*Exercise:* In the copy of these records, include no pictures and change nothing else.

(Collected data)
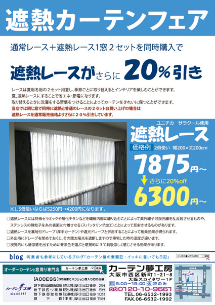 インテリアのメーカーも「ここぞ」とばかり、「遮熱」関係のチラシを作って持って来てくれます。
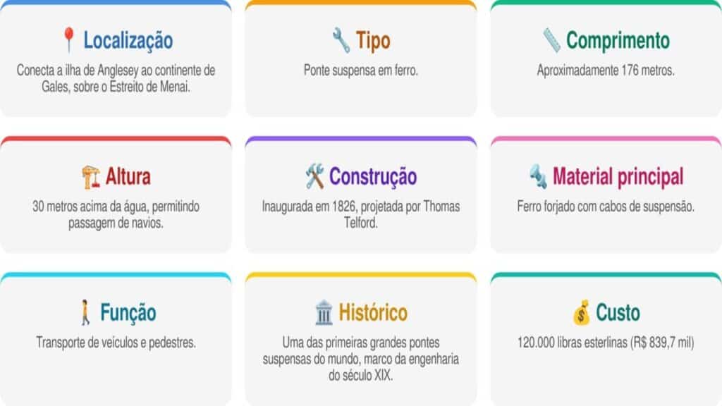 Sua construção foi um marco na Revolução Industrial, permitindo transporte rápido e seguro de carruagens, passageiros e mercadorias, mostrando que a engenharia podia superar desafios naturais. Veja os detalhes técnicos da ponte:
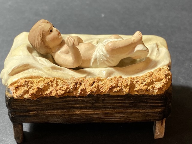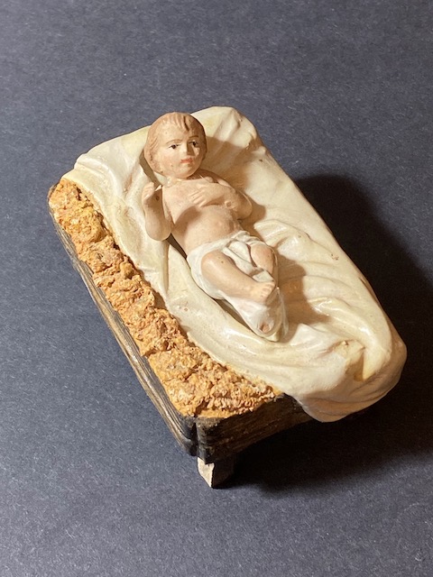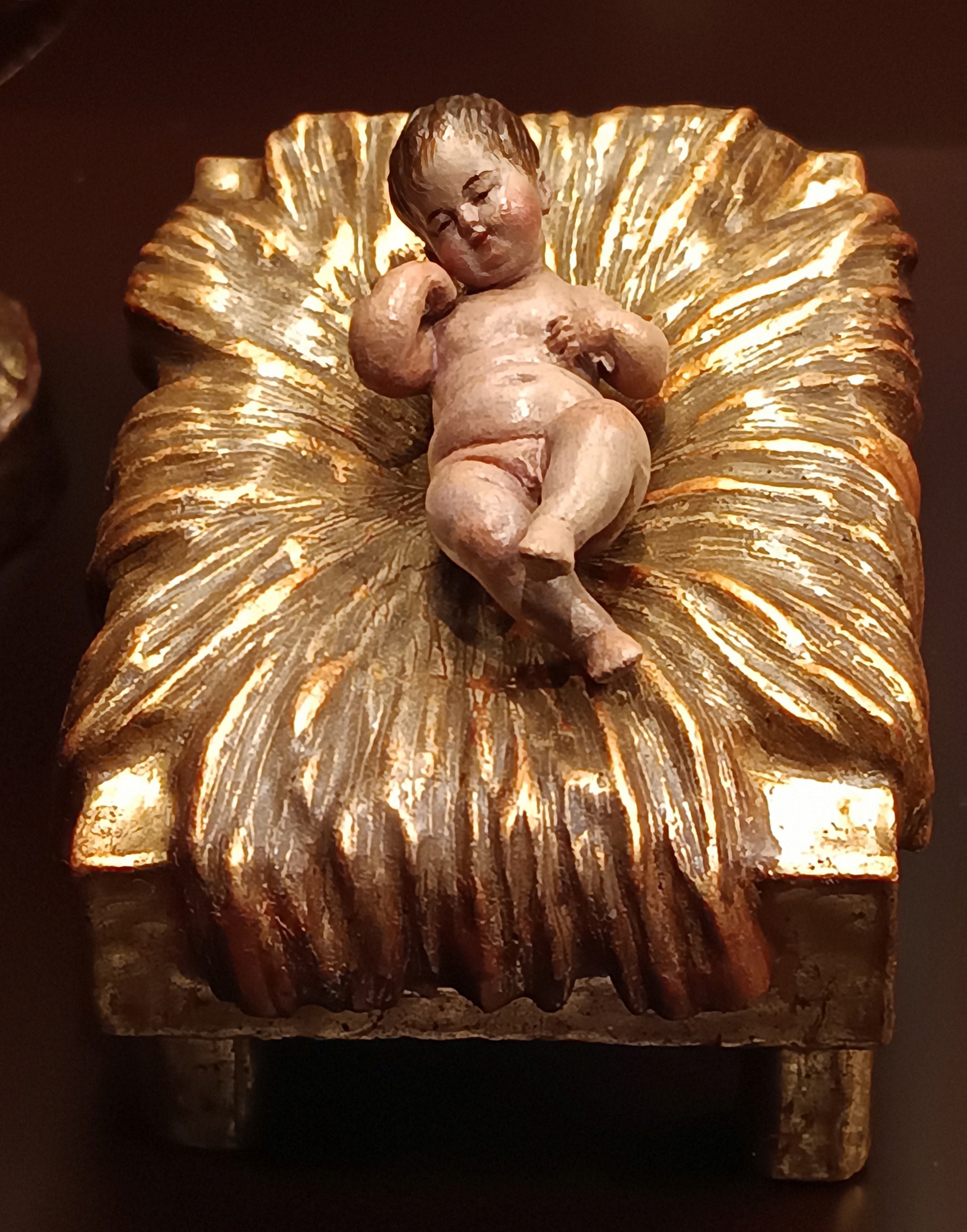 Realmente es un trabajo bastante fino y cuidado, no solo en la figura del Niño, sino también en la cuna. Es interesante y destaco el juego de texturas entre la paja rugosa y tosca junto con los pliegues marcados y finos del paño, así como la madera del pesebre.
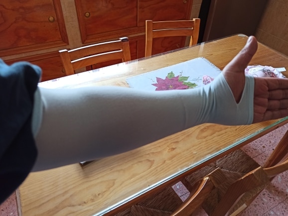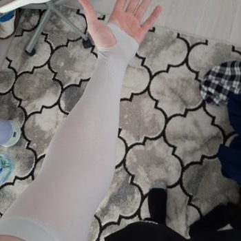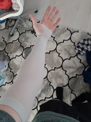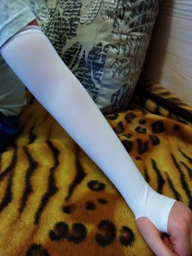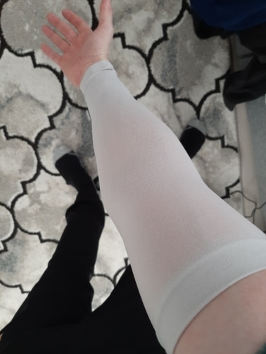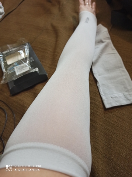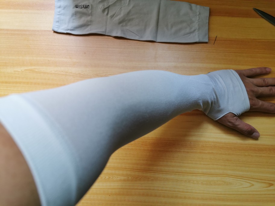 When worn, our compression nylon material hugs your arms tightly, helping improve muscle shape and elasticity over time. Bloating will also go down, revealing a more shapely build. Our nylon is soft and breathable, and quick-drying for sweat relief. Each sleeve is also stretchy for a comfortable wear and fuss-free removal.
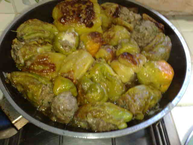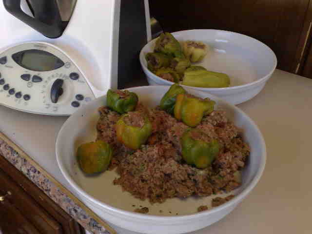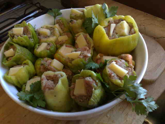 - 10 o 15 peperoni molto piccoli rotondi oppure 4 / 5 peperoni un pò più grandi per il ripieno gr 250 macinato misto manzo o altro ( es. pollo ) gr 250 salsiccia gr 100 emmental gr 50 parmigiano a volontà formaggi ( rimasugli del frigo ancora belli e buoni ) 1 michetta di pane raffermo 1 uovo prezzemolo q.b. 2 spicchi di aglio sale e pepe q.b.

*Reply:*
 インテリアのメーカーも「ここぞ」とばかり、「遮熱」関係のチラシを作って持って来てくれます。
 Sua construção foi um marco na Revolução Industrial, permitindo transporte rápido e seguro de carruagens, passageiros e mercadorias, mostrando que a engenharia podia superar desafios naturais. Veja os detalhes técnicos da ponte:
 Realmente es un trabajo bastante fino y cuidado, no solo en la figura del Niño, sino también en la cuna. Es interesante y destaco el juego de texturas entre la paja rugosa y tosca junto con los pliegues marcados y finos del paño, así como la madera del pesebre.
 When worn, our compression nylon material hugs your arms tightly, helping improve muscle shape and elasticity over time. Bloating will also go down, revealing a more shapely build. Our nylon is soft and breathable, and quick-drying for sweat relief. Each sleeve is also stretchy for a comfortable wear and fuss-free removal.
 - 10 o 15 peperoni molto piccoli rotondi oppure 4 / 5 peperoni un pò più grandi per il ripieno gr 250 macinato misto manzo o altro ( es. pollo ) gr 250 salsiccia gr 100 emmental gr 50 parmigiano a volontà formaggi ( rimasugli del frigo ancora belli e buoni ) 1 michetta di pane raffermo 1 uovo prezzemolo q.b. 2 spicchi di aglio sale e pepe q.b.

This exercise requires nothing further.